Взяли багаж и спустились в подвал. Марик высветил фонарем стальную дверь, постучал.
— Кто? — слабо донеслось из-за двери.
— Балдох! — крикнул Марик.
Массивная дверь отворилась, дохнув теплом и светом.
— Как лучшее! — усмехнулся Киселек, опуская ствол автомата и отступая в сторону. — Буерцы, еби вашу…
— Ах ты, дубинчик, ах ты, попрыгуша-лягуша! — Лютик дохнул ему в лицо.
— Киселек, а я березу видел, — подмигнул ему Витя, внося чемодан с жидкой матерью.
— Та уси побачили ту березу! — засмеялся Микола.
— Буерцы, буерцы! — улыбался Киселек, запирая дверь.
В подвальном помещении было до духоты натоплено, матовые плафоны на потолке светили ровно, стены бычи обшиты полированным деревом. Стали раздеваться в небольшой гардеробе.
— Господи, неужели в тепле? — Штаубе размотал шарф. — И сортир теплый?
— А как же, — Марик стаскивал с себя тесную шинель железнодорожника. — Пока солярки хватит — ради Бога.

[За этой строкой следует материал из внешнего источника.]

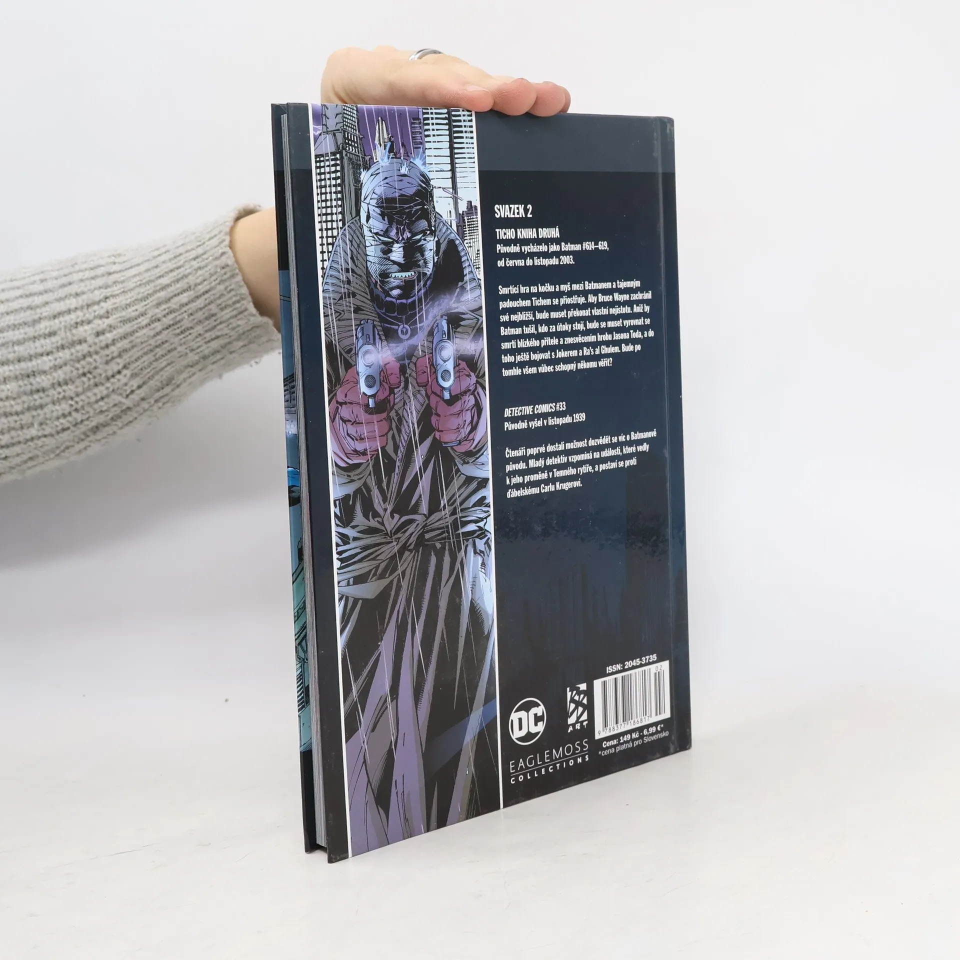 V druhém díle komiksu Batman: Ticho se Temný rytíř utkává se spoustou známých padouchů, včetně Scarecrowa, Ra's al Ghula, Two-Face, Riddlera... a dokonce i samotného Jokera. A postupně se Batman dostává blíž a blíž k tajemnému muži v obvazech, který se všemi manipuluje. Jenže dostat se k němu blízko a porazit ho, to jsou dvě zcela odlišné věci.
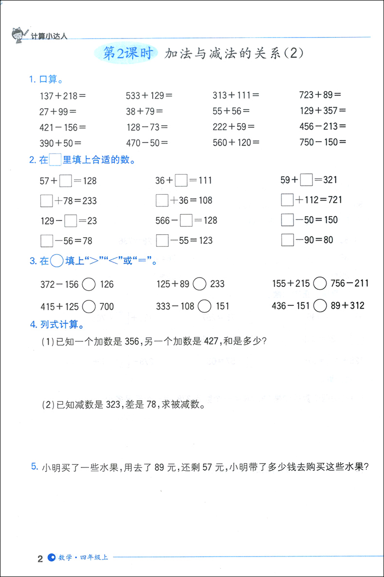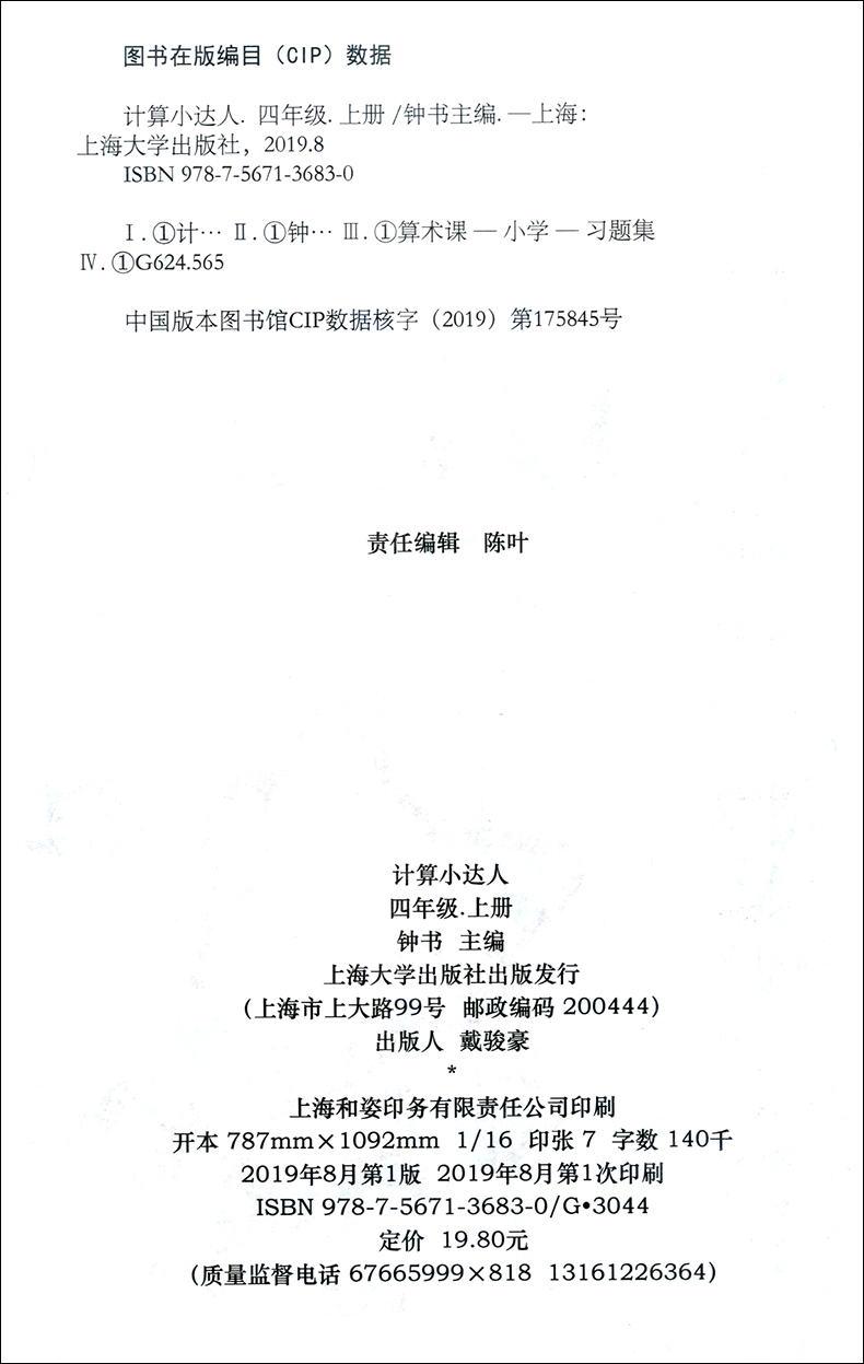 钟书金牌 计算小达人 数学 4年级上册/四年级第一学期 小学数学口算应用课外习题练习辅导教材教辅书目 上海大学出版社

Ольга помогла раздеться бледной, покачивающейся проводнице.
— Трюх, трюх к начальнику, — кивнул Киселек.
Ступая по синей ковровой дорожке, двинулись по коридору. У всех обитателей подвала были аккуратно выбриты макушки голов.
— Трюх, — Киселек остановился у двери с табличкой «2-ой секретарь», постучал.
— Иди воруй! — закричали за дверью.
— Еб твою мать! — Марик переглянулся с Кисельком. — Он что — уже?
— Мужик мужика на доске не возит! — засмеялся Киселек и открыл дверь. Вошли в просторный кабинет, сплошь заваленный всякой всячиной. В углу на матрасе сидел голый Скоба и смотрел видео. Рядом с ним лежал большой станковый пулемет с заправленной лентой. Голова у Скобы была обрита, на макушку был прилеплен круглый пластырь. Он неотрывно смотрел в телевизор, который показывал «Касабланку».
— Трюх, трюх, кто в теремочке живет? — проговорил Киселек.
— Иди воруй! — закричал Скоба так громко и протяжно, что его потное, татуированное тело затряслось.
— Миш, мы тут гостей привели, — осторожно заговорил Марик.
— Иди вору-у-уй! — закричал Скоба.
— Пухначев и Мензелинцев, — громко произнес Ребров.
— Иди вору-у-уй!
— Средмашевские разработки, проект №365, — продолжал Ребров.
— Иди вору-у-уй! Иди вору-у-уй! Иди вору-уй! — Скоба вскочил и навел на Реброва пулемет. Марик оттолкнул Реброва в сторону, схватил Миколу за волосы и швырнул его в противоположный угол кабинета:
— Серый!
— Иди вору-у-у-у-уй! — нажал на гашетку Скоба. Крупнокалиберные пули искромсали тело Миколы.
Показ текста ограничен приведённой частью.